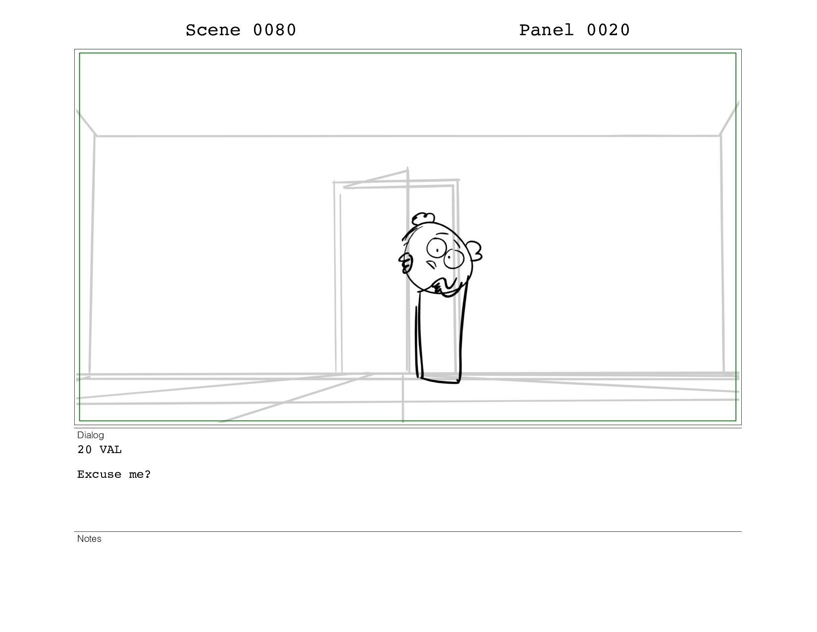 Scene 0080 Panel 0020 Dialog 20 VAL Excuse me? Notes
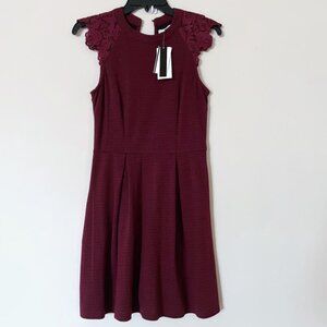 Burgundy sleeveless a line dress either lace sleeves
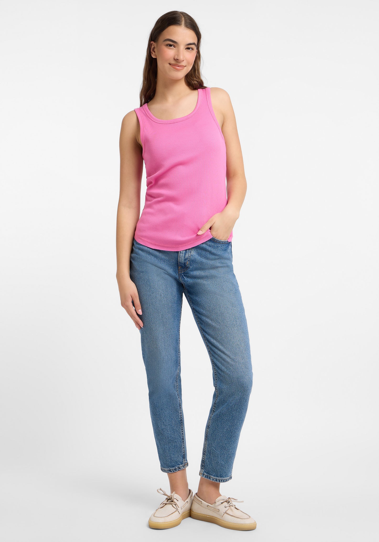 Het Elbsand Jara Top is een regular fit, normaal gesneden tanktop gemaakt van zachte ribjersey, die prettig aanvoelt op de huid en zijn vorm behoudt. Het heeft een ronde halslijn en een subtiele, zachte logo-print op het achterpand, wat het hoogwaardige basic-topje een verfijnde merkaccent geeft. Veelzijdig te combineren, is dit topje ideaal voor dagelijks gebruik of onder een blouse, bij een jogger of solo op warme dagen. Samenstelling: 50% modal, 46% katoen, 4% elastan. Wasvoorschrift: Machinewas op 30 graden in een fijnwasprogramma, niet geschikt voor de droger.

**THE TASK:** Give an exact copy of the listing, without its pictures.

**ANSWER TO THE EXERCISE:**
 Scene 0080 Panel 0020 Dialog 20 VAL Excuse me? Notes
 Burgundy sleeveless a line dress either lace sleeves
 Het Elbsand Jara Top is een regular fit, normaal gesneden tanktop gemaakt van zachte ribjersey, die prettig aanvoelt op de huid en zijn vorm behoudt. Het heeft een ronde halslijn en een subtiele, zachte logo-print op het achterpand, wat het hoogwaardige basic-topje een verfijnde merkaccent geeft. Veelzijdig te combineren, is dit topje ideaal voor dagelijks gebruik of onder een blouse, bij een jogger of solo op warme dagen. Samenstelling: 50% modal, 46% katoen, 4% elastan. Wasvoorschrift: Machinewas op 30 graden in een fijnwasprogramma, niet geschikt voor de droger.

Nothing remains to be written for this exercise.